As he did, so we must do, if we are to cleanse the sacred space that we call our souls, the sanctuary within us where the divine presence abides, the quiet place where God speaks to us in silence. With a whip in our hand, we also have to show the same commitment as Rabbi Jesus did, driving out the demons that have squattered in our souls, shutting down the marketplace that rightly belongs to the One we call our Father in heaven.

As we continue the arduous task of joining Rabbi Jesus in cleansing the temple, this time not within the city limits of Jerusalem, but within the city limits of our souls, and this time not a one-time deal, but a life-long effort, we want to remember the story told by an elder of the Cherokees who wanted to teach his grandchildren an important lesson about life.

He said to them, “A fight is going on inside me. It is a terrible fight between two wolves. One wolf represents fear, anger, envy, sorrow, regret, greed, arrogance, self-pity, guilt, resentment, inferiority, hatreds, false pride and superiority.”

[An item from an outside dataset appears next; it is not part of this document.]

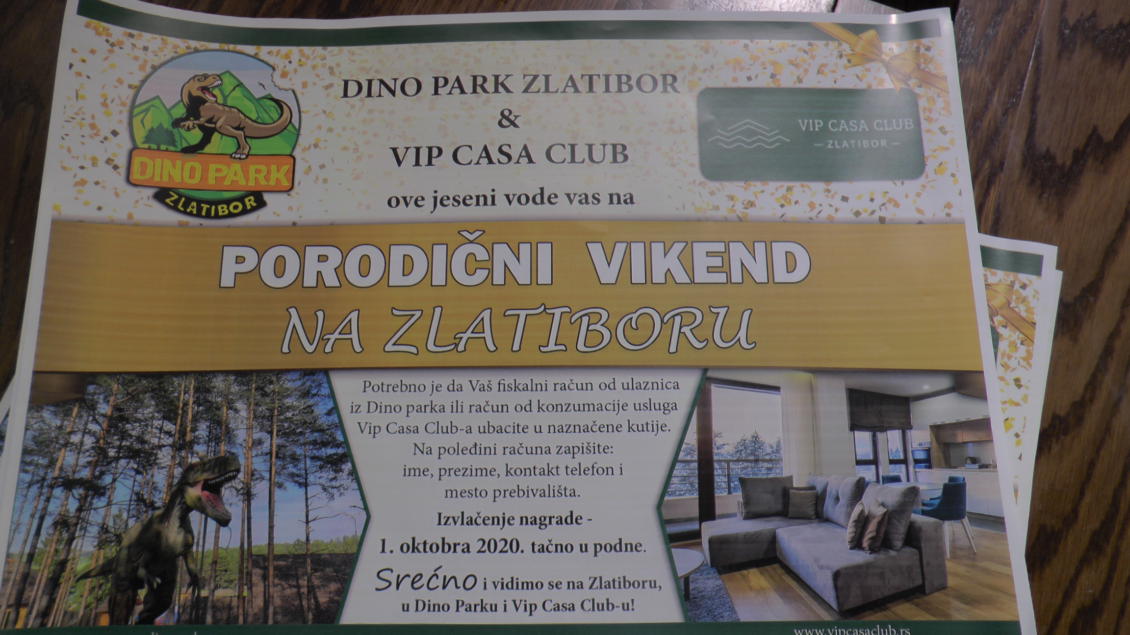 "Наградна игра кренула је 1. септембра и трајаће све до 30. октобра. Наши посетиоци и гости ВИП касе моћи ће да учествују у њој тако што ће на полеђини свог фискалног рачуна оставити своје податке и убацити их у назначене кутије које ће се налазити на ове две локације, а 30. 10.би јавно извукли породицу коју доводимо на бесплатан породични викенд".

He continued, “The other stands for joy, peace, love, hope, sharing, serenity, humility, kindness, benevolence, friendship, empathy, generosity, truth, compassion, and faith. This same fight,” he said to them, “is going on inside you, and inside every other person in the world.”

The grandchildren were silent for a moment until one of them asked his grandfather, “Which wolf will win?” The old man offered a simple answer. He said, “The one you feed.”